*** Block opens ***

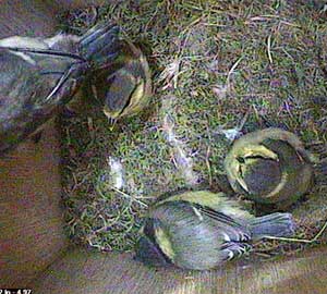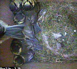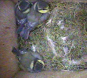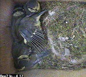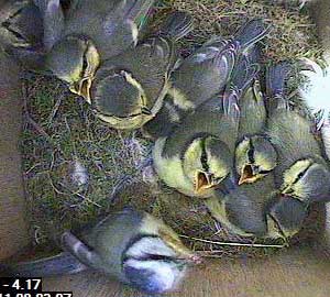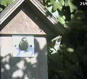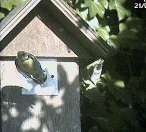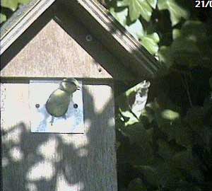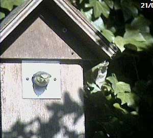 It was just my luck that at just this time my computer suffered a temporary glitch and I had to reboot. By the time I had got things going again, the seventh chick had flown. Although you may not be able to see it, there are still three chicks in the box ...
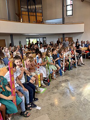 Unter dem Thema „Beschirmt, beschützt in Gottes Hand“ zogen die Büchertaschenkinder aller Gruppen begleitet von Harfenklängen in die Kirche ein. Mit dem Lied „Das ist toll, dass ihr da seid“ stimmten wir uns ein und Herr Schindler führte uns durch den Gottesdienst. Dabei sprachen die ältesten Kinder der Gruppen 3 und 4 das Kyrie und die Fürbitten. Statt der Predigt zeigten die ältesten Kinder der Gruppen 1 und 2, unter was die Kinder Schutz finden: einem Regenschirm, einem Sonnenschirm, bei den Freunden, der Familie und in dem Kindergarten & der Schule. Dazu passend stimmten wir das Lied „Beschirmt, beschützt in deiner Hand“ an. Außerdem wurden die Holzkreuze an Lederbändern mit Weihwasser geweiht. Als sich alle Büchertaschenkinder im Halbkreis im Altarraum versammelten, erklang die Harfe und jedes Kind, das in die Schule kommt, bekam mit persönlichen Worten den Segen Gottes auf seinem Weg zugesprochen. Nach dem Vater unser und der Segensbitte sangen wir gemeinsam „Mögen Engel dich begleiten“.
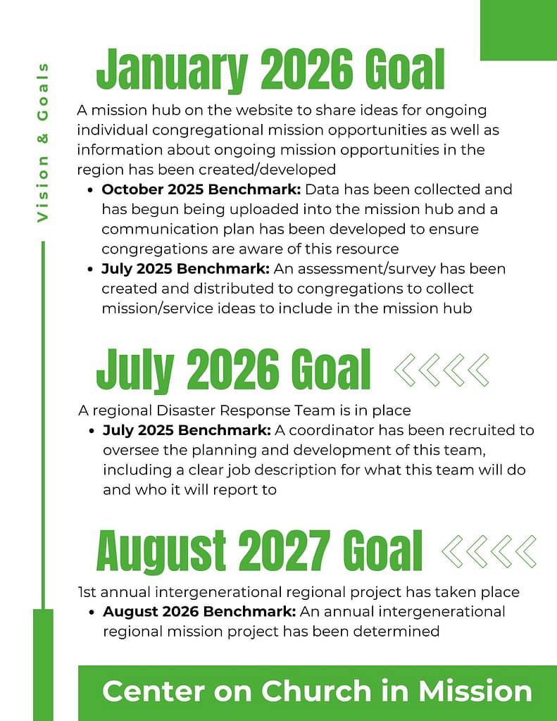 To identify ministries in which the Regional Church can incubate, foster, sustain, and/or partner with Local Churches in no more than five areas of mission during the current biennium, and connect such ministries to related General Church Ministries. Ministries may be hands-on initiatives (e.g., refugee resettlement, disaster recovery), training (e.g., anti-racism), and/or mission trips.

*** Block closes ***
*** Block opens ***

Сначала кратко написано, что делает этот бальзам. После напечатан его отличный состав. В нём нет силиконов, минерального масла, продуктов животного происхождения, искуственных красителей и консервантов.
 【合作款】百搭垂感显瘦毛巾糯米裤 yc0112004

*** Block closes ***

▶ ACTIVITY
Could you transcribe exactly the entries above, but only the lines from the one with "It was just" through the one with "Unter dem Thema", and without pictures?

▶ SOLUTION TO THE PROBLEM
 It was just my luck that at just this time my computer suffered a temporary glitch and I had to reboot. By the time I had got things going again, the seventh chick had flown. Although you may not be able to see it, there are still three chicks in the box ...
 Unter dem Thema „Beschirmt, beschützt in Gottes Hand“ zogen die Büchertaschenkinder aller Gruppen begleitet von Harfenklängen in die Kirche ein. Mit dem Lied „Das ist toll, dass ihr da seid“ stimmten wir uns ein und Herr Schindler führte uns durch den Gottesdienst. Dabei sprachen die ältesten Kinder der Gruppen 3 und 4 das Kyrie und die Fürbitten. Statt der Predigt zeigten die ältesten Kinder der Gruppen 1 und 2, unter was die Kinder Schutz finden: einem Regenschirm, einem Sonnenschirm, bei den Freunden, der Familie und in dem Kindergarten & der Schule. Dazu passend stimmten wir das Lied „Beschirmt, beschützt in deiner Hand“ an. Außerdem wurden die Holzkreuze an Lederbändern mit Weihwasser geweiht. Als sich alle Büchertaschenkinder im Halbkreis im Altarraum versammelten, erklang die Harfe und jedes Kind, das in die Schule kommt, bekam mit persönlichen Worten den Segen Gottes auf seinem Weg zugesprochen. Nach dem Vater unser und der Segensbitte sangen wir gemeinsam „Mögen Engel dich begleiten“.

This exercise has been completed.